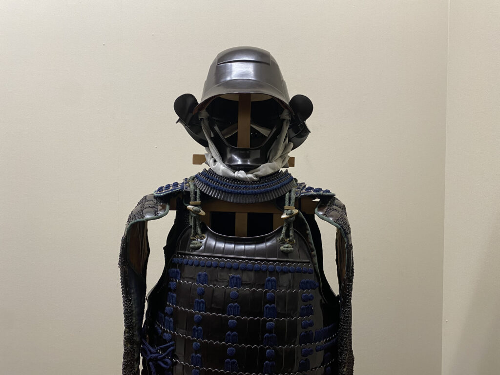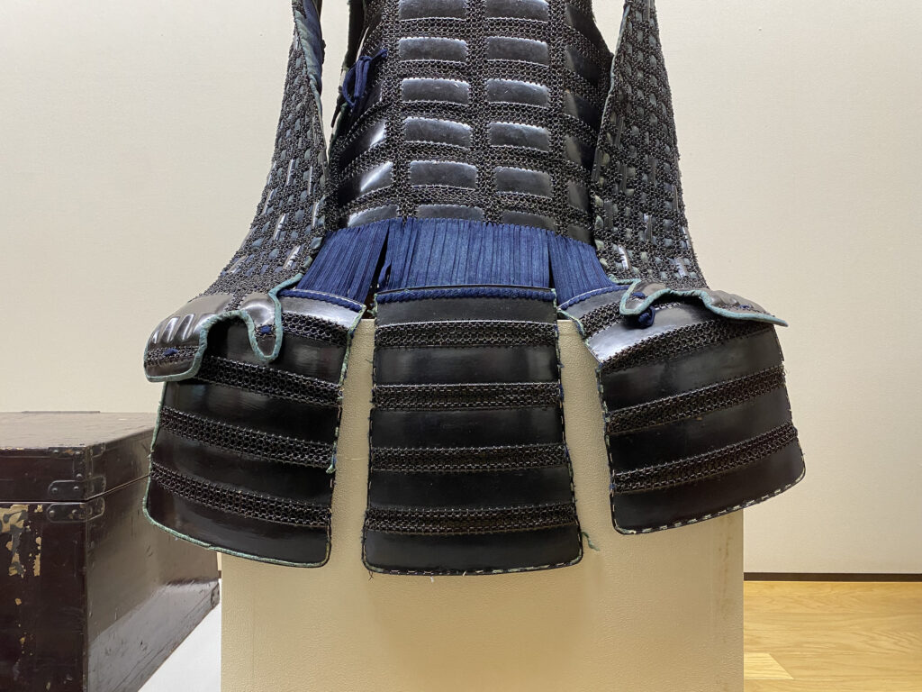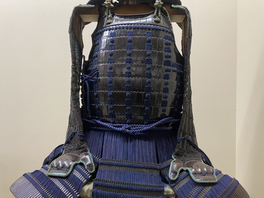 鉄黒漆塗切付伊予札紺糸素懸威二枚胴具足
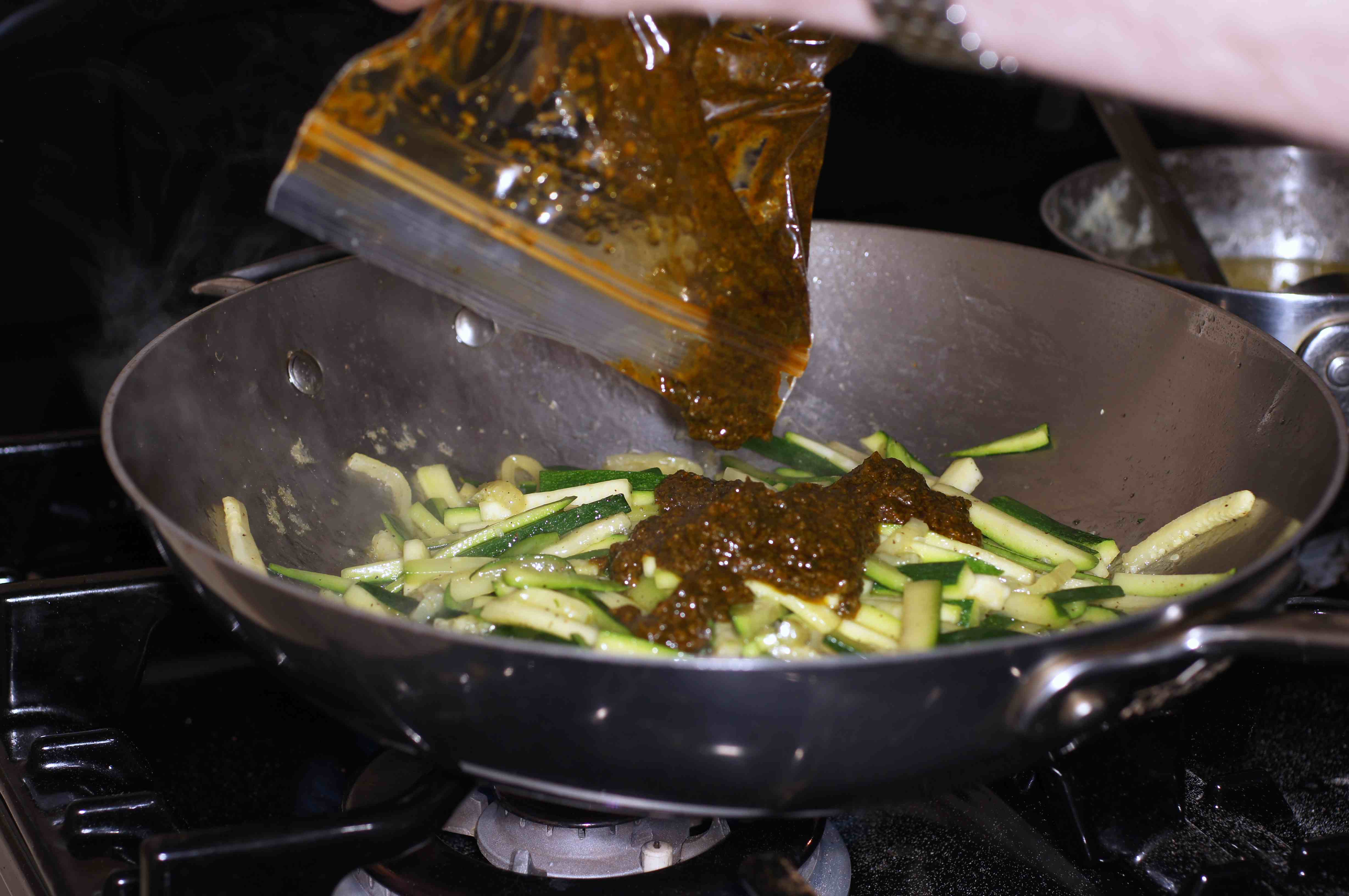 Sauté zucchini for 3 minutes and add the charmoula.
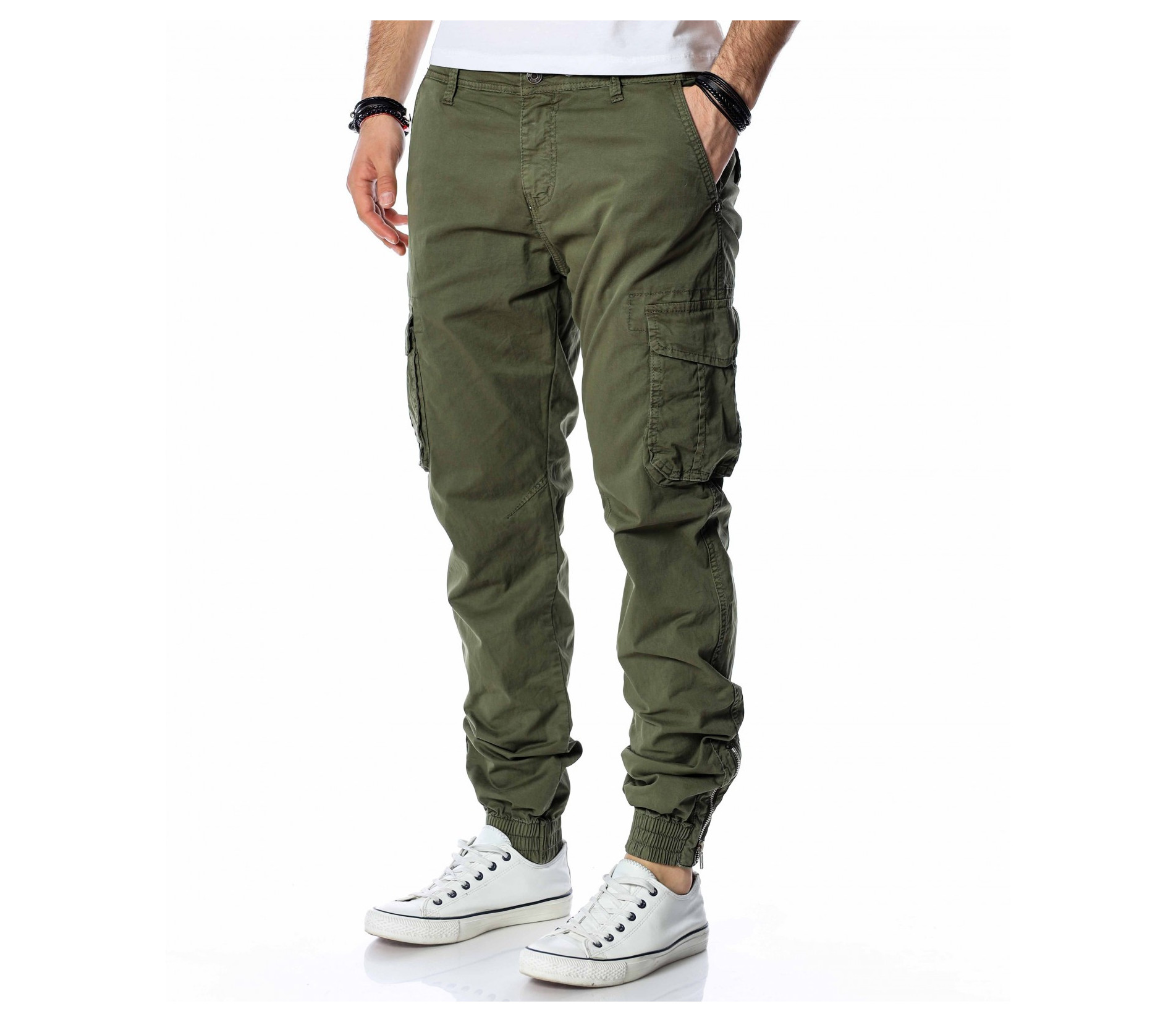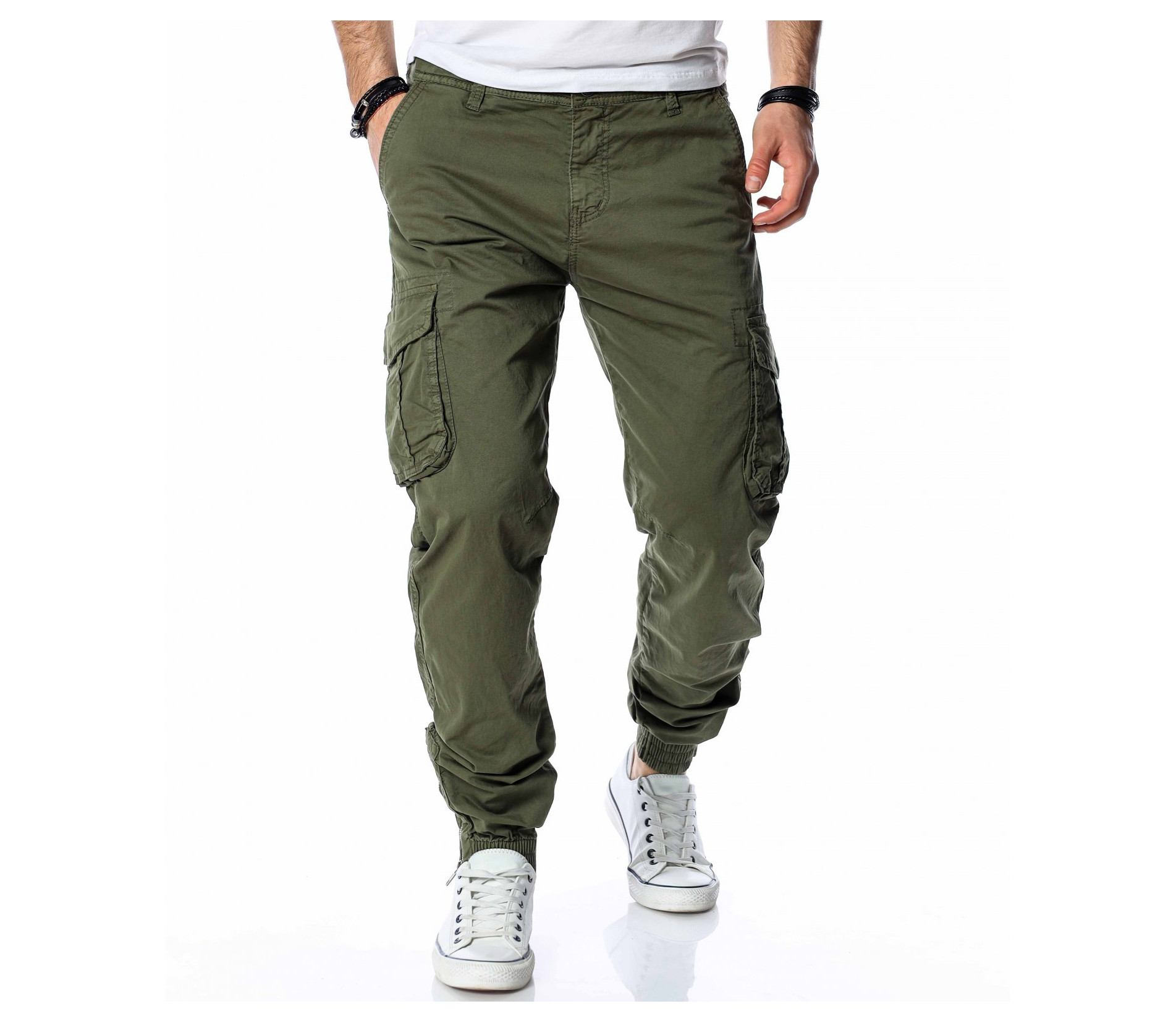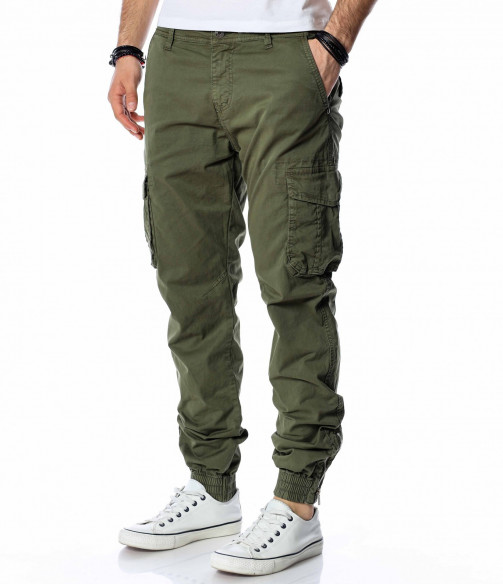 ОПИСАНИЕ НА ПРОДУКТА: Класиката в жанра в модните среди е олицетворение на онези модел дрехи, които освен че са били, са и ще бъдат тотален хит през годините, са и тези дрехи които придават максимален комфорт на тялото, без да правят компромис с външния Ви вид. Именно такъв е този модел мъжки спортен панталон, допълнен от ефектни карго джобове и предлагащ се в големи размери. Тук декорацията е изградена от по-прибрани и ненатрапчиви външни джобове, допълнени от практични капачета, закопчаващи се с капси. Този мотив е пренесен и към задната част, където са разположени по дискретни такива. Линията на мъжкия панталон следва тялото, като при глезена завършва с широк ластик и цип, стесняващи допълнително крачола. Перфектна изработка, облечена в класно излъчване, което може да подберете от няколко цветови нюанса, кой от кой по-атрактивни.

(WHAT TO DO): Repeat, with no pictures, each line from the beginning of the data through the line containing "Sauté zucchini for", inclusive.

(ANSWER BELOW):
 鉄黒漆塗切付伊予札紺糸素懸威二枚胴具足
 Sauté zucchini for 3 minutes and add the charmoula.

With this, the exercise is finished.